Former Ranger Andrew Exum is poised to become deputy assistant secretary for defense, said the tweet, which Nissenbaum posted on Monday.
Exum currently blogs at the Washington DC-based think tank Center for New American Security under the pseudonym Abu Muqawma, or Father of the Resistance, which is a common name used by Hezbollah to describe the armed struggle against Israel.
In 2012, Exum joined a group of three journalists headed by Vice Magazine’s Mitchell Prothero to match a group of Hezbollah fighters in a series of paintball games, supposedly to better understand the group.

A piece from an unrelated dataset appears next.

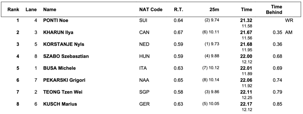 Ο Νόε Πόντι επιβεβαίωσε για ακόμη μια φορά ότι πρόκειται για τον απόλυτο κυρίαρχο στα 50μ πεταλούδα με το νέο παγκόσμιο ρεκόρ που πέτυχε. Ο Ελβετός είχε φύγει από τη σειρά αγώνων του Παγκοσμίου Κυπέλλου με δύο παγκόσμια ρεκόρ και χρόνο 21.50, και έκανε άλλα δύο ρεκόρ στη Βουδαπέστη και χρόνο 21.32. Το βάθρο συμπλήρωσαν οι Ίλια Καρούν (Καναδάς) με 21.67 και Νιλς Κορστάνιε (Ολλανδία) με 21.68, αμφότεροι πιο γρήγοροι από το παγκόσμιο ρεκόρ που ίσχε μέχρι τον Οκτώβριο, το 21.75!

According to Vice, Exum retired from the military after three tours in Afghanistan, and has since advised the U.S. military on Afghani affairs.
“The main thrust of Exum’s strategy is to separate insurgents from the broader population,” wrote Prothero.
Later, Exum argued that the paintball match with the Hezbollah fighters was intended to help frustrated journalists in Lebanon better understand the group, which is a designated terrorist organization by the U.S. and Israel, unofficially.
He said that “at the human level,” the Hezbollah men he met were “just very similar to the 18- and 19-year old Americans that [he] led to combat,” according to NPR.